One of the most debilitating symptoms I experience on a daily basis is fatigue. It’s difficult for anyone who hasn’t experienced this type of fatigue to understand what it feels like. It isn’t like the feeling of just needing more sleep; it’s complete physical and mental exhaustion. The only other time in my life that I have experienced this type of fatigue was after giving birth following a 21 hour labour. There are times when I feel like I am walking through treacle and struggle to support my own head; making decisions become impossible. I do my best not to get in this state by pacing my activity as best I can.
Christine Miserandino has lupus and experiences chronic fatigue. She came up with a brilliant analogy called Spoon Theory to enable her friend to understand what her life with fatigue was like. Christine used a set of 12 spoons to represent the amount of energy she had to ‘spend’ on daily activities.
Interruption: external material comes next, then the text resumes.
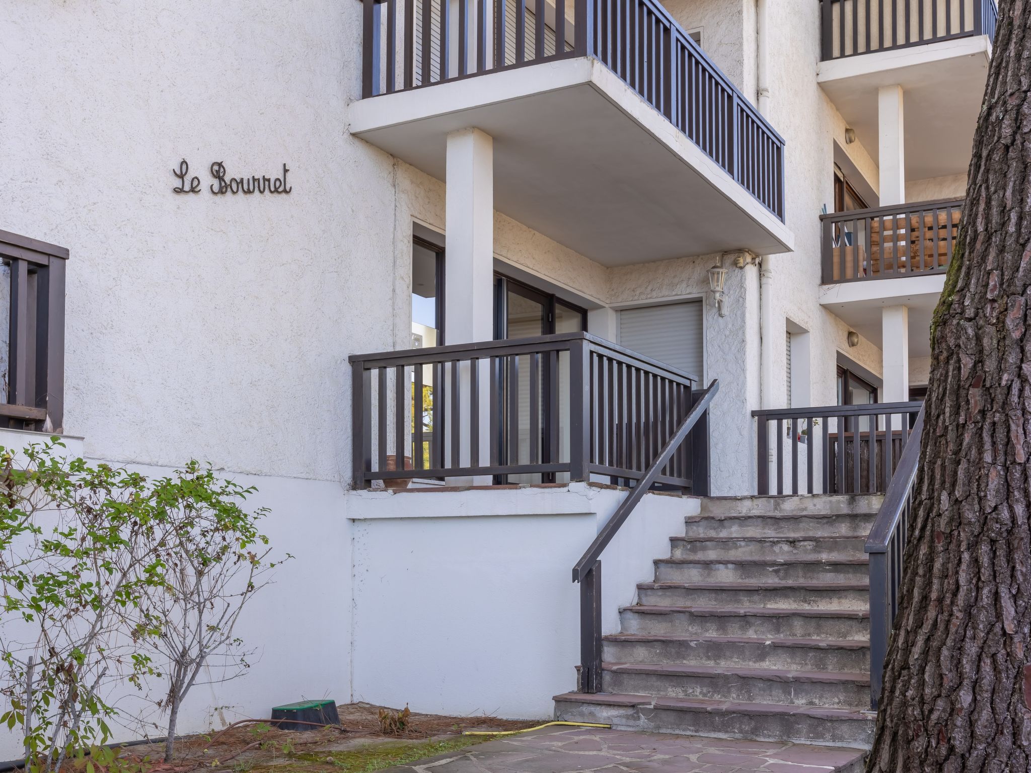 Residence "Le Bourret", 3 storeys. 500 m from the centre of Hossegor, 800 m from the sea, 800 m from the beach. Shop 500 m, restaurant 300 m, bar, café, bicycle rental 500 m, bus stop "Parc des sports" 600 m, sandy beach "la centrale" 800 m. Golf course (18 hole) 1 km. Small shared wooded park. On the edge of the Capbreton harbour.

She then assigned her daily activities a number of spoons e.g. getting dressed – 1 spoon, taking a shower -2 spoons and so on. Christine then explained that if she ran out of spoons she could either not do anything else that day or occasionally she could ‘borrow’ spoons from the next day. Either way the average of 12 spoons a day remained the same. During bad periods this average could be lower.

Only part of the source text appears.